Sounds good to me, and if you can clean up any commented out code that was added, that would help too. Since it's a patch, we'll already be able to see and compare the old and new code without it being commented out :)

Last edited 11 years ago by historic_bruno (previous) (diff)

comment:8 by tuan kuranes, 11 years ago

Here's all the patches:

  • pathfind.patch: huge patch, but very huge perf boost, mostly cycles saving reusing results, and using more appropriate structures, minimizing allocation and object copies. (20% to 400% perf, depending on path requests)
  • size_empty.patch: using empty() instead of size(), because size does iterate and check content size. (0.1 perf...)
  • skinning.patch: specific RVO not kicking code for CPU model skinning, avoiding lots of temp objects,and loop unrolling as 4 bones is a static number. (3-7%perf)
  • const_only.2.patch: const param& , const param, const method, const simple variable (making compiler avoiding object copies whenever possible) some rvo no kicks in there as well.(5-10%perf)
  • minimap.patch: add VBO support for unit drawing when supported, huge perf boost per frame, as opengl driver doesn't have to sync anymore. (20%perf with a good gpu, invisible with slow gpu)
  • branch.patch: remove branches whenever possible in loops: here CLOSTexture::GenerateBitmap getting huge boost, removing lots of code and adding cache prefetching benefits with the single memset at start (5%perf)
  • perf.patch: all in one patch updated with all changes

Perf is in the main thread only, relative to 100%. Here it makes 0ad very playable on all non naval maps, including huge maps. The real perf stopper now here is a IA economy script "drop sites searching" that kicks in regularly and gives perfs stuttering. Huge pathfind request, (200 units moves at once), still goes up, but gives "reasonable stuttering".
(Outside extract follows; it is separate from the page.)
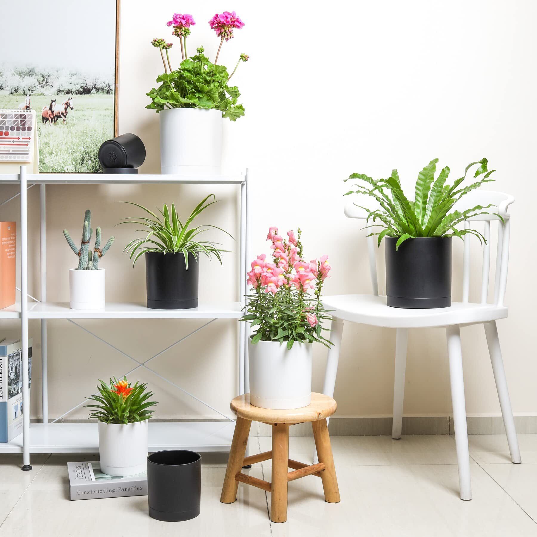 「厚みのあるプレミアム素材」この植木鉢は、上質なプラスチックで作られ、植物への安全性を確保し、心配せずに植物を栽培できます。硬さを改善できるために、鉢は約3.5mm厚さのプラスチックで作られ、破損や落下に耐えることができます。

Tested on linux (old cpu), and windows x64 with 32bits exe (good cpu).

Last edited 11 years ago by tuan kuranes (previous) (diff)

comment:9 by scroogie, 11 years ago

Last one applies cleanly.

comment:10 by wraitii, 11 years ago

Trac fails to parse correctly the perf.patch and both const patches, and I fail to apply them (the diff does work though).

It seems to me like you have done substantial changes to the pathfinder and the rangemanager, which will the most need investigating.

Edit: compiled: not sure about performance improvements, particularly as I don't really have any point of comparison, but it doesn't feel slower. Biggest slowdown for me always was the rendering anyway.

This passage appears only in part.